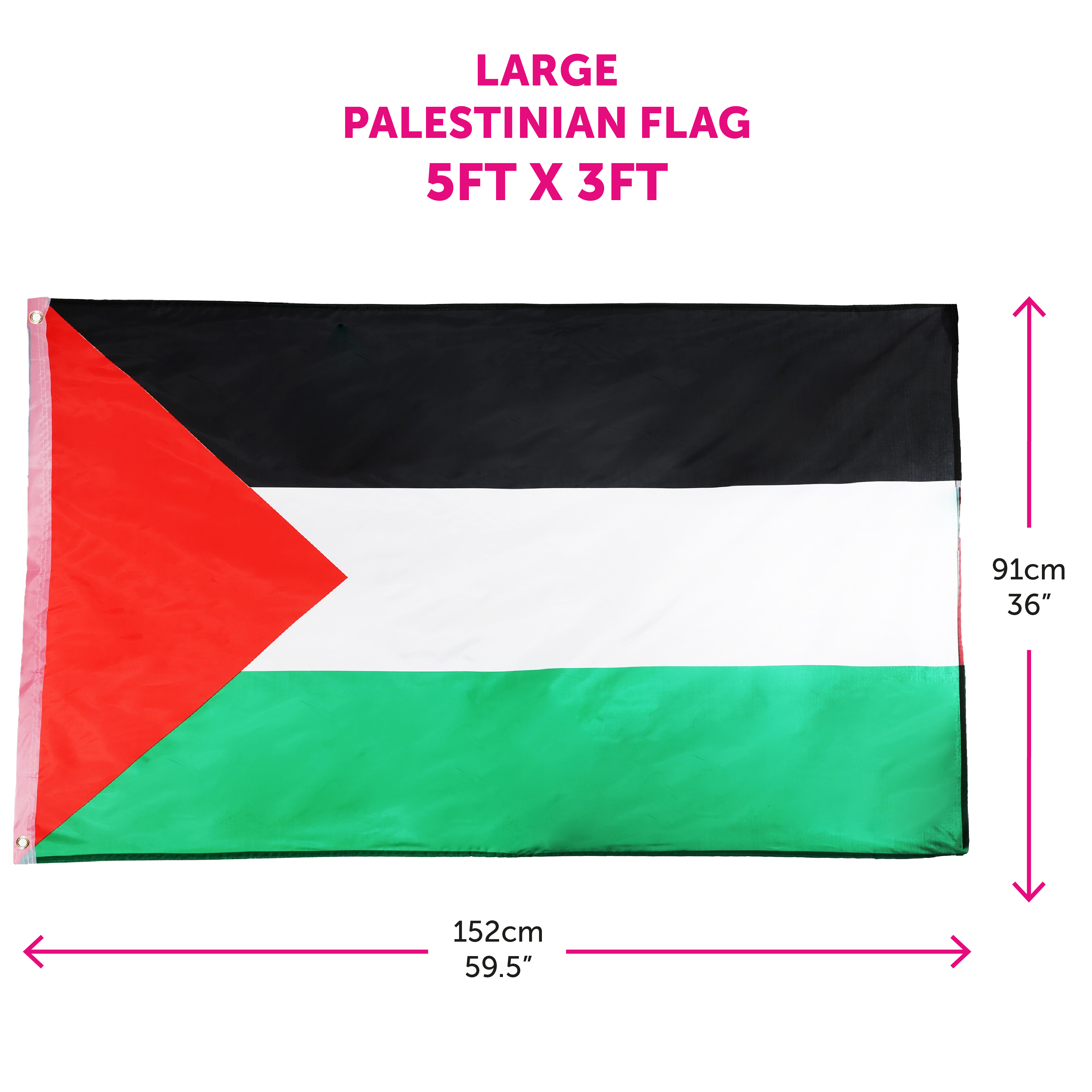 PERFECT FOR ANY PALESTINIAN EVENT: For any Palestinian event or occasion, make sure you're picking up a 5ft x 3ft Palestine Flag for a day of support and celebration alongside family and friends!
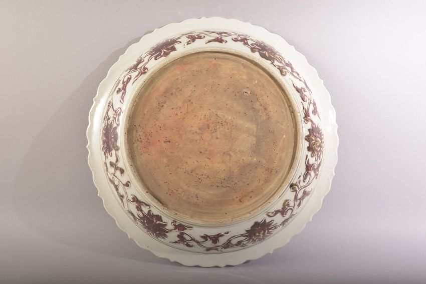 A LARGE CHINESE IRON RED UNDERGLAZED DRAGON DISH, decorated with a large dragon amongst stylised clouds to centre, 41cm diameter.
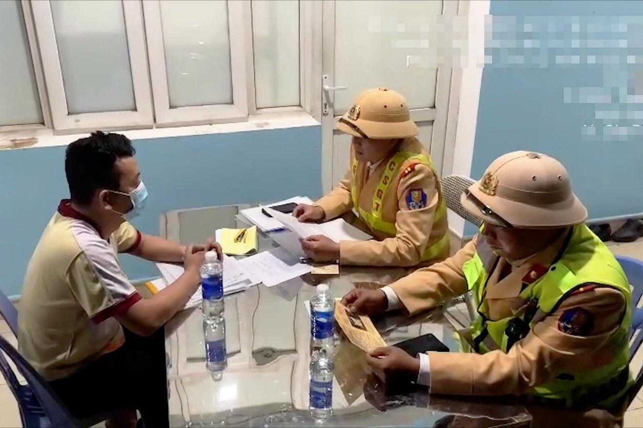 CSGT làm việc với tài xế xe khách vi phạm. Ảnh: GT
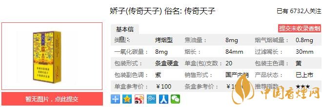 利群夜西湖煙支長84mm,過濾嘴長30mm,嬌子傳奇天子在原料甄選和制煙工藝這兩個環(huán)節(jié)完全采用手工精選,在包裝制作上也采用手工制作方式。在科技減害上,嬌子傳奇天子集自主專利的復合生物制劑與納米減害技術之大成,使減害指標提前5年達到國標,其焦油釋放量也有效降至8mg/支,引領科技減害全新潮流。下面我們一起來看嬌子傳奇天子的參數(shù)信息:焦油量:8mg 煙堿量:0.8mg 一氧化碳量:8mg
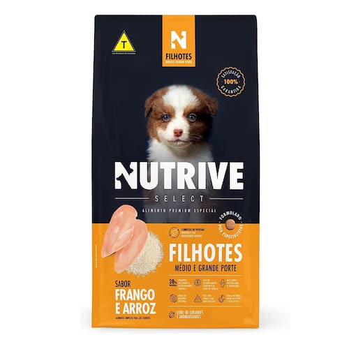 Ração Cães Nutrive Select Filhotes Med/Gd. Fran/Arr 15kg- Indicado para cães;- Promovem crescimento e desenvolvimento saudáveis;- Atua no desenvolvimento cognitivo e na saúde do coração;- Mais saúde e proteção para as articulações;- Auxilia no equilíbrio intestinal;- Fezes mais firmes e com odor reduzido;- Auxilia na força e brilho dos pelos e saúde da pele. Marca: Nutrive
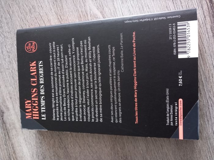 Livre Mary Higgins Clark - Le temps des regrets Très bon état Les 4 coins sont scotchés pour éviter que le livre s'abîme Prix : 4 €
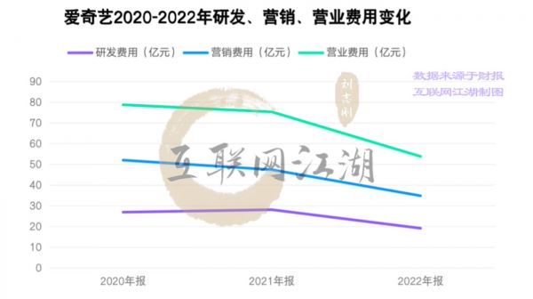 2022年的爱奇艺研发费用少了大约9个亿,营销费用比21年少了12亿多,营业费用少了21亿多。
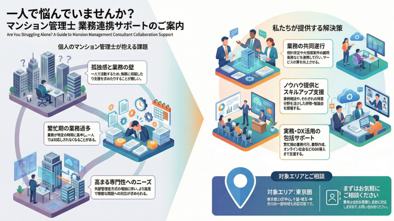 しかし、個人で活動するマンション管理士は、孤独を感じたり、繁忙期に業務が集中して対応しきれなくなったりする場面も少なくありません。
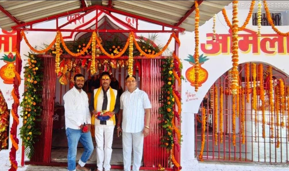 मन्नत पूर्ण होने पर मां अमिला का भव्य रूप से सजाया मंदिर
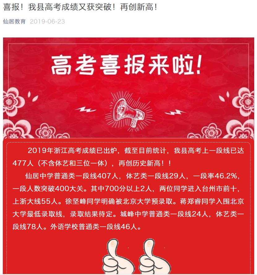 2019年浙江高考成績出爐,我校2019年高考取得優(yōu)異成績:
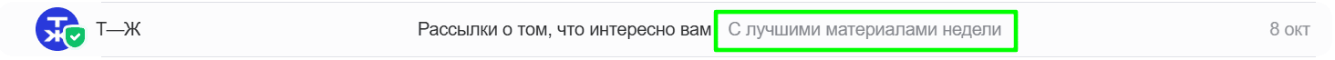 Прехедер (подзаголовок). Краткое предложение или словосочетание, которое отображается сразу после заголовка и перед хедером. Этот элемент должен усиливать название письма и давать подписчику дополнительный повод или контекст для открытия сообщения. Его видно только в папке «Входящие», но не в самом письме.
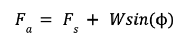 When the robot is perfectly horizontal. When the robot is on an incline of angle phi, then an additional W*sin(phi) component also acts in the downward direction, and the adhesive force must be modified as:
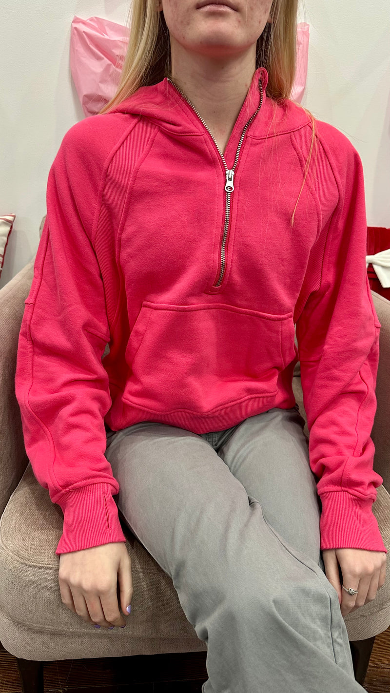 A quarter zip sweatshirt with a hood and a kangaroo pouch. Comes in multiple colors. This quarter zip is perfect for everyday wear and layering with a vest.
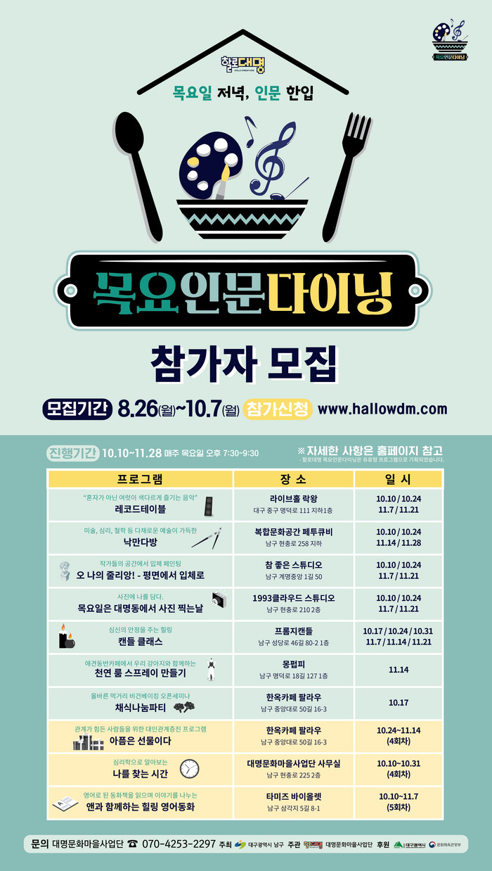 ‘할로대명 목요인문다이닝’(이하 목요인문다이닝)은 대명2·3동 일대에서 저녁식사를 하며 한 가지 주제를 두고 소통‧체험하는 프로그램으로, 대구시와 문화체육관광부의 후원을 받아 남구청 주최, 대명문화마을 사업단(할로대명) 주관으로 열린다.
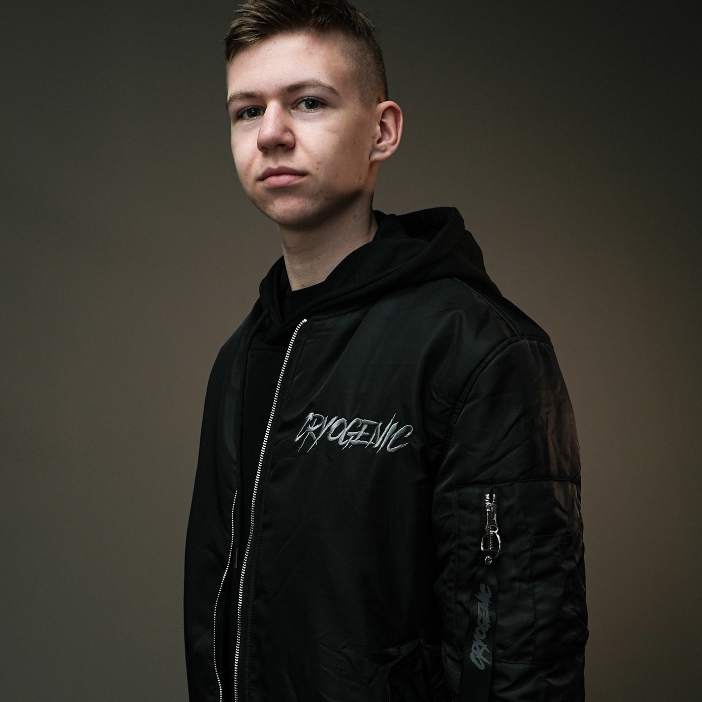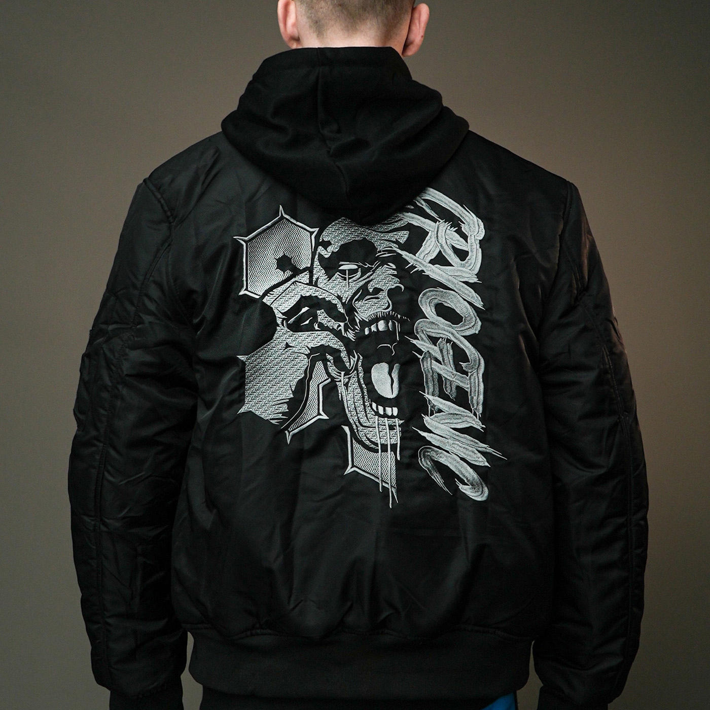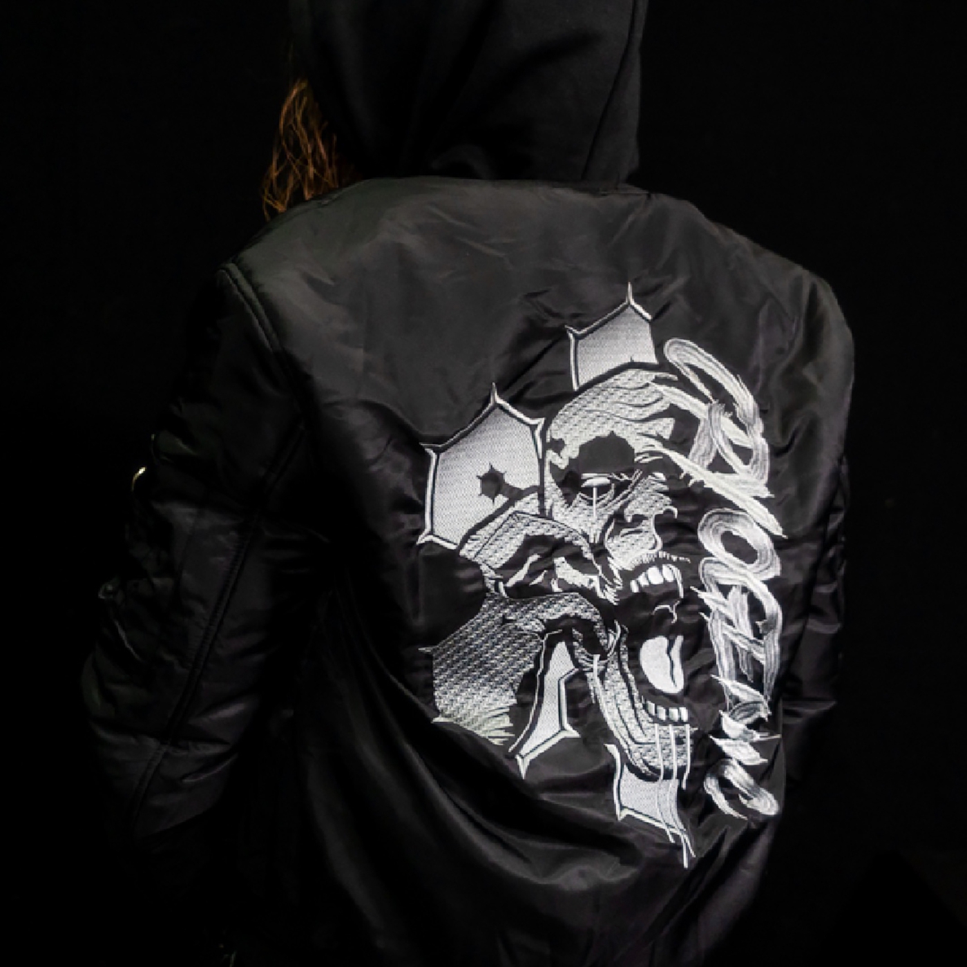 Black Cryogenic Bomber Jacket. This jacket features the Cryogenic logo stitched on the front. The sleeve also includes a keychain. The back of the jacket showcases Cryogenic logo.
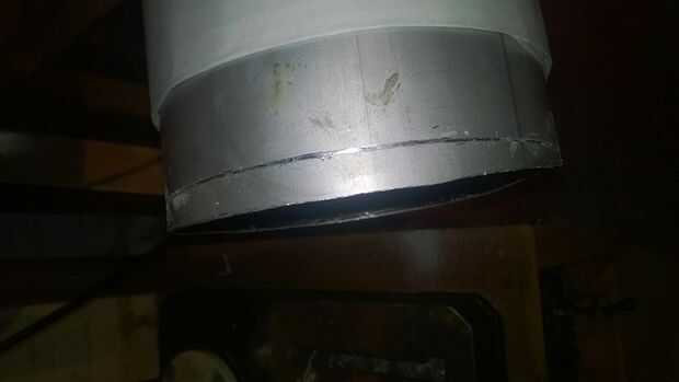El primer paso fue a enderezar y cuadrada de los extremos del tubo. Tengo un taller en mi sótano pero no soy un comerciante experto. Tengo algunas herramientas de banco, pero sobre todo de la mano herramientas y perseverancia. Estos días encontrará una tienda de máquina o un amigo con un chopsaw y Plaza el tubo en un par de segundos. Me gusta este método sin embargo... Tomar una tira larga de papel (yo uso un rollo de papel de estraza) y envolver el tubo que dos veces alrededor. Alinee los bordes del papel y usted tendrá una línea perfectamente cuadrada para corte de. Luego usar una abrazadera para guiar la sierra alrededor. Comienza por cortar un surco una vez alrededor, luego siga con corte un canal alrededor hasta que se rompe a través de. Esta técnica da su cubo un extremo cuadrado que es mejor que cualquier chopsaw con poco acabado requerido!
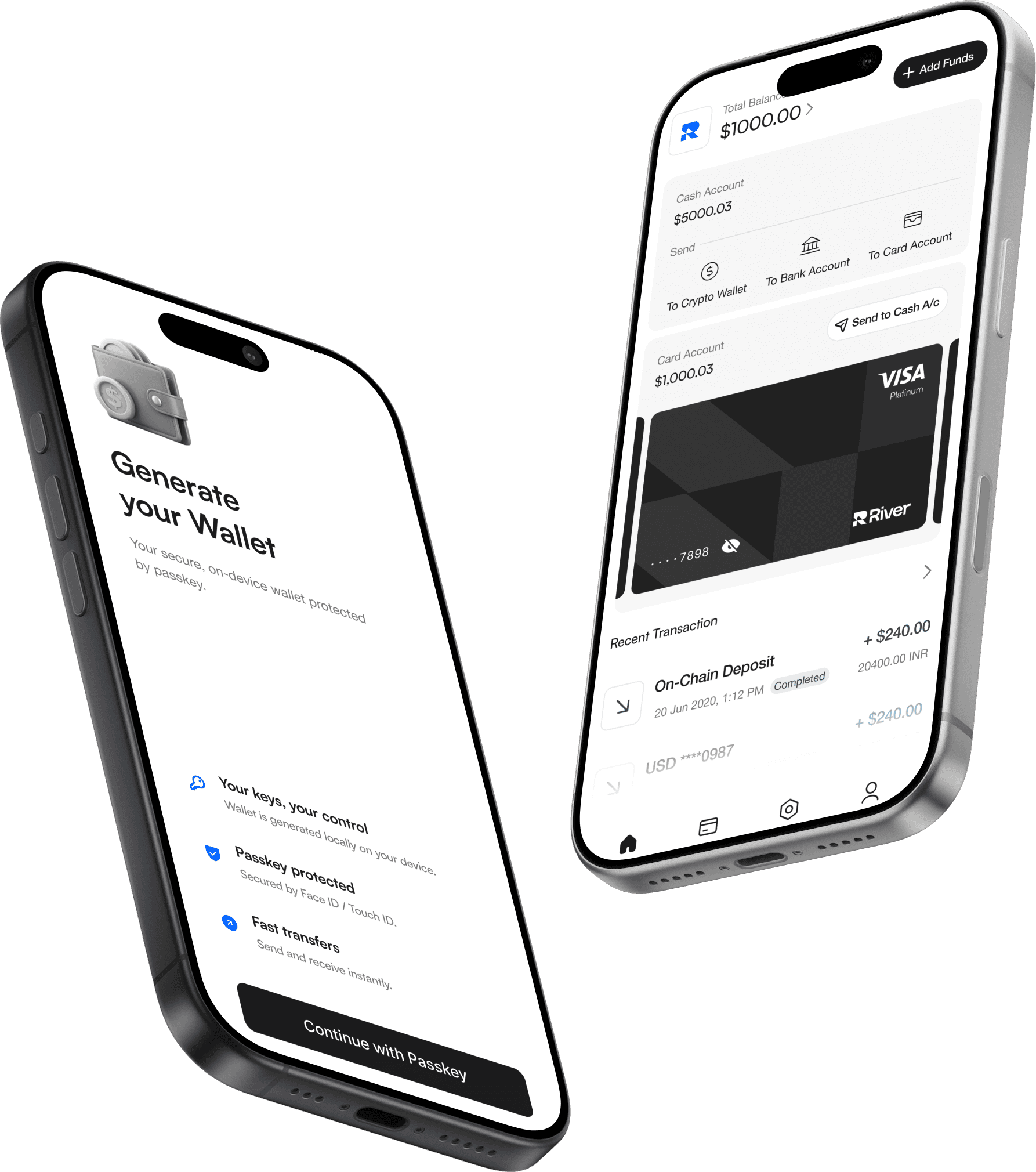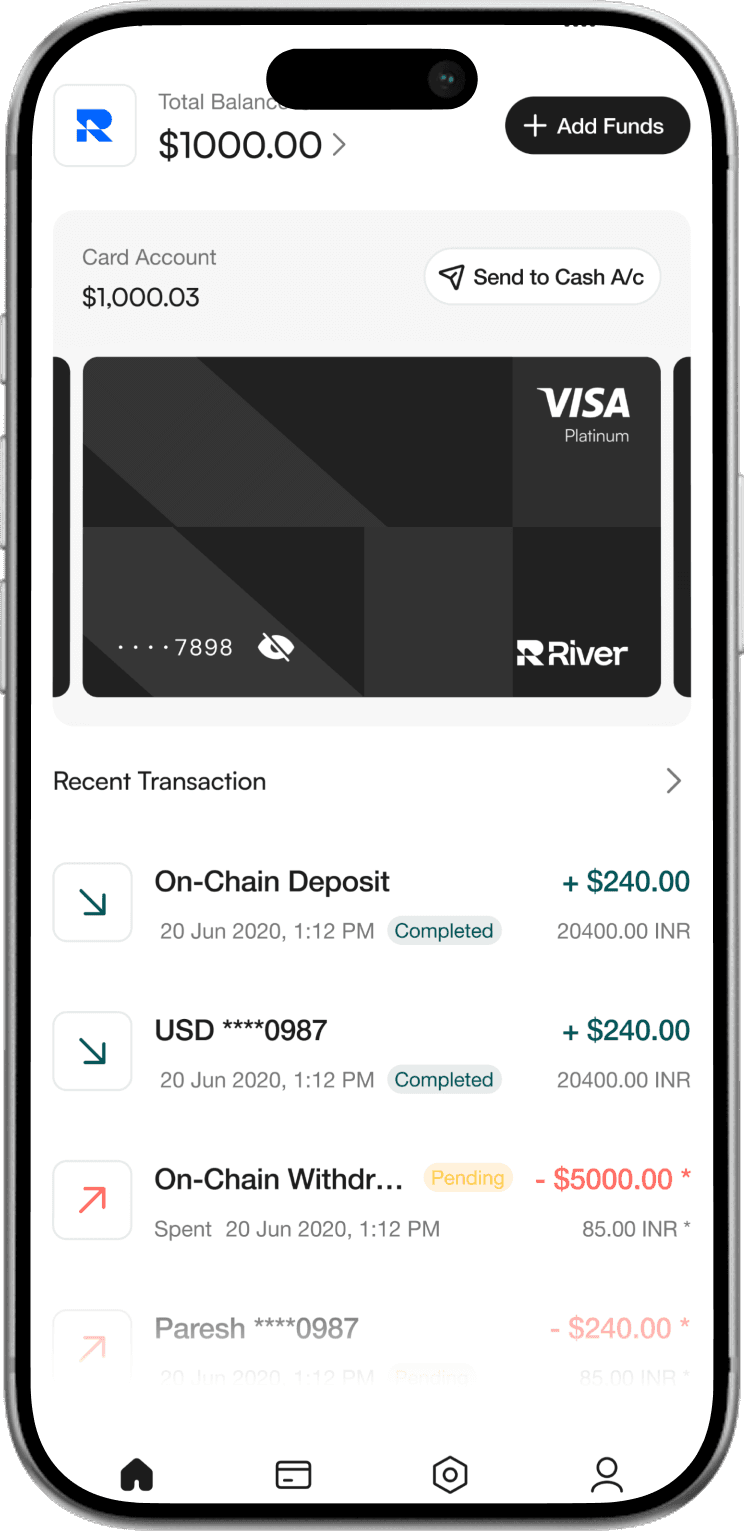 Unlike traditional cards, River is fully self-custodial — your assets stay in your control at all times. We never hold your keys or access your funds. You own it, we just make spending seamless and borderless.
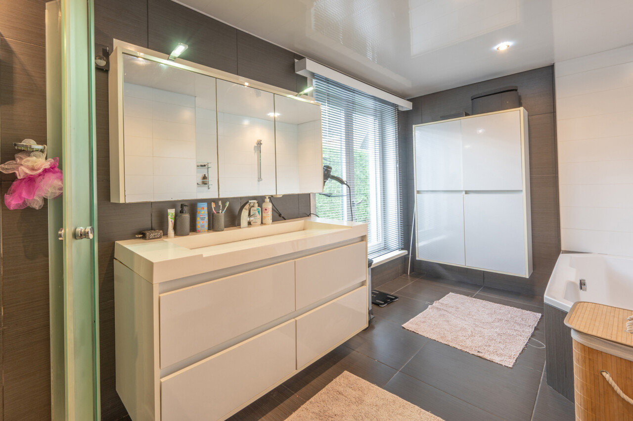Energiezuinigheid: de woning werd in 2024 voorzien van zonnepanelen en in 2025 van een nieuwe Daikin lichtwarmtepomp (verwarming + koeling) en energiezuinige warmwaterboiler van 150.

________________

REQUIREMENT
Make an exact copy of every record, pictures excluded.

FINISHED TASK
 PERFECT FOR ANY PALESTINIAN EVENT: For any Palestinian event or occasion, make sure you're picking up a 5ft x 3ft Palestine Flag for a day of support and celebration alongside family and friends!
 A LARGE CHINESE IRON RED UNDERGLAZED DRAGON DISH, decorated with a large dragon amongst stylised clouds to centre, 41cm diameter.
 CSGT làm việc với tài xế xe khách vi phạm. Ảnh: GT
 利群夜西湖煙支長84mm,過濾嘴長30mm,嬌子傳奇天子在原料甄選和制煙工藝這兩個環(huán)節(jié)完全采用手工精選,在包裝制作上也采用手工制作方式。在科技減害上,嬌子傳奇天子集自主專利的復合生物制劑與納米減害技術之大成,使減害指標提前5年達到國標,其焦油釋放量也有效降至8mg/支,引領科技減害全新潮流。下面我們一起來看嬌子傳奇天子的參數(shù)信息:焦油量:8mg 煙堿量:0.8mg 一氧化碳量:8mg
 Ração Cães Nutrive Select Filhotes Med/Gd. Fran/Arr 15kg- Indicado para cães;- Promovem crescimento e desenvolvimento saudáveis;- Atua no desenvolvimento cognitivo e na saúde do coração;- Mais saúde e proteção para as articulações;- Auxilia no equilíbrio intestinal;- Fezes mais firmes e com odor reduzido;- Auxilia na força e brilho dos pelos e saúde da pele. Marca: Nutrive
 Livre Mary Higgins Clark - Le temps des regrets Très bon état Les 4 coins sont scotchés pour éviter que le livre s'abîme Prix : 4 €
 2022年的爱奇艺研发费用少了大约9个亿,营销费用比21年少了12亿多,营业费用少了21亿多。
 しかし、個人で活動するマンション管理士は、孤独を感じたり、繁忙期に業務が集中して対応しきれなくなったりする場面も少なくありません。
 मन्नत पूर्ण होने पर मां अमिला का भव्य रूप से सजाया मंदिर
 2019年浙江高考成績出爐,我校2019年高考取得優(yōu)異成績:
 Прехедер (подзаголовок). Краткое предложение или словосочетание, которое отображается сразу после заголовка и перед хедером. Этот элемент должен усиливать название письма и давать подписчику дополнительный повод или контекст для открытия сообщения. Его видно только в папке «Входящие», но не в самом письме.
 When the robot is perfectly horizontal. When the robot is on an incline of angle phi, then an additional W*sin(phi) component also acts in the downward direction, and the adhesive force must be modified as:
 A quarter zip sweatshirt with a hood and a kangaroo pouch. Comes in multiple colors. This quarter zip is perfect for everyday wear and layering with a vest.
 ‘할로대명 목요인문다이닝’(이하 목요인문다이닝)은 대명2·3동 일대에서 저녁식사를 하며 한 가지 주제를 두고 소통‧체험하는 프로그램으로, 대구시와 문화체육관광부의 후원을 받아 남구청 주최, 대명문화마을 사업단(할로대명) 주관으로 열린다.
 Black Cryogenic Bomber Jacket. This jacket features the Cryogenic logo stitched on the front. The sleeve also includes a keychain. The back of the jacket showcases Cryogenic logo.
El primer paso fue a enderezar y cuadrada de los extremos del tubo. Tengo un taller en mi sótano pero no soy un comerciante experto. Tengo algunas herramientas de banco, pero sobre todo de la mano herramientas y perseverancia. Estos días encontrará una tienda de máquina o un amigo con un chopsaw y Plaza el tubo en un par de segundos. Me gusta este método sin embargo... Tomar una tira larga de papel (yo uso un rollo de papel de estraza) y envolver el tubo que dos veces alrededor. Alinee los bordes del papel y usted tendrá una línea perfectamente cuadrada para corte de. Luego usar una abrazadera para guiar la sierra alrededor. Comienza por cortar un surco una vez alrededor, luego siga con corte un canal alrededor hasta que se rompe a través de. Esta técnica da su cubo un extremo cuadrado que es mejor que cualquier chopsaw con poco acabado requerido!
 Unlike traditional cards, River is fully self-custodial — your assets stay in your control at all times. We never hold your keys or access your funds. You own it, we just make spending seamless and borderless.
Energiezuinigheid: de woning werd in 2024 voorzien van zonnepanelen en in 2025 van een nieuwe Daikin lichtwarmtepomp (verwarming + koeling) en energiezuinige warmwaterboiler van 150.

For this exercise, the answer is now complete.